Another reason for the general dislike in which they were held was their wealth, and the manner in which it had been amassed. They were, as has been already intimated, the only bankers, almost the only traders, of the day. They had become an absolute necessity of life to many classes of men. If the sovereign wished to negotiate a marriage, or embark in a foreign war, a large sum of money was required, which the Jews alone could supply. The same was the case with the nobles and land-owners of lesser rank; and even the Christian merchant could sometimes save his credit only by a timely loan, which was to be obtained from none but Hebrew coffers.

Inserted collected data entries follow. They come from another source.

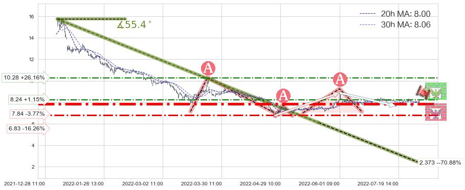 ♞ 20小时均线:8.00,30小时均线:8.06→ 快线<慢线
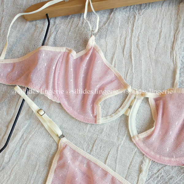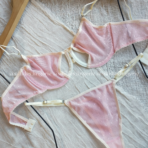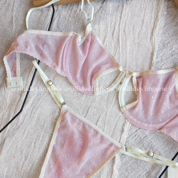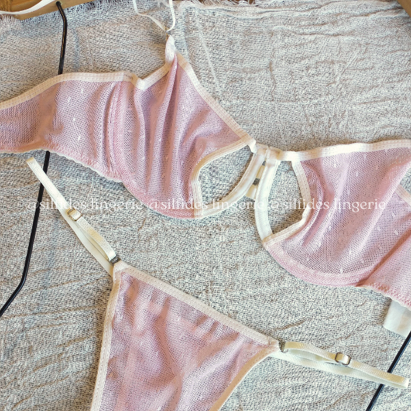 Conjunto confeccionado en microtul plumetí. Corpiño con aro y con aberturas. Less regulable.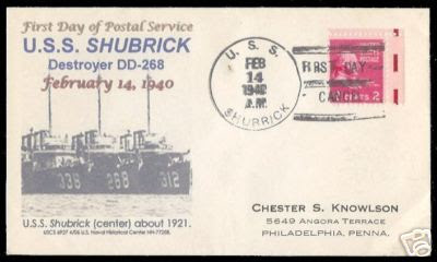 It can be seen here in as the centre of three destroyers on this first day cover. It was decommissioned in Jun 1922 and remained laid up until Dec 1939. See also USS Shubrick (DD-268)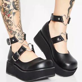 大码单鞋女2021新款欧美圆头厚底PU玛丽珍鞋中帮...

It was affirmed that the usury exacted for these was inordinate; that the Jews took advantage of their opportunity to accumulate enormous gains, to the total ruin of their debtors. The rate of interest demanded was, as a general rule, extortionate. Yet it should be borne in mind that the monstrous injustice often shown them, when they were,—on any pretext, or on no pretext at all,—despoiled of their money, if it did not render the exaction of these terms necessary to secure to the lender, in the long run, his fair profit, it did offer a strong temptation for exaction, and gave him a ready excuse for offering only the hardest terms to the borrower.[102] Whatever value, however, this argument may possess, it was utterly disregarded by the enemies of the Jews in those days, who took into account only two facts—one, that the Jews demanded an enormous amount of usury, which brought them immense wealth, and the other, that its payment reduced themselves to poverty.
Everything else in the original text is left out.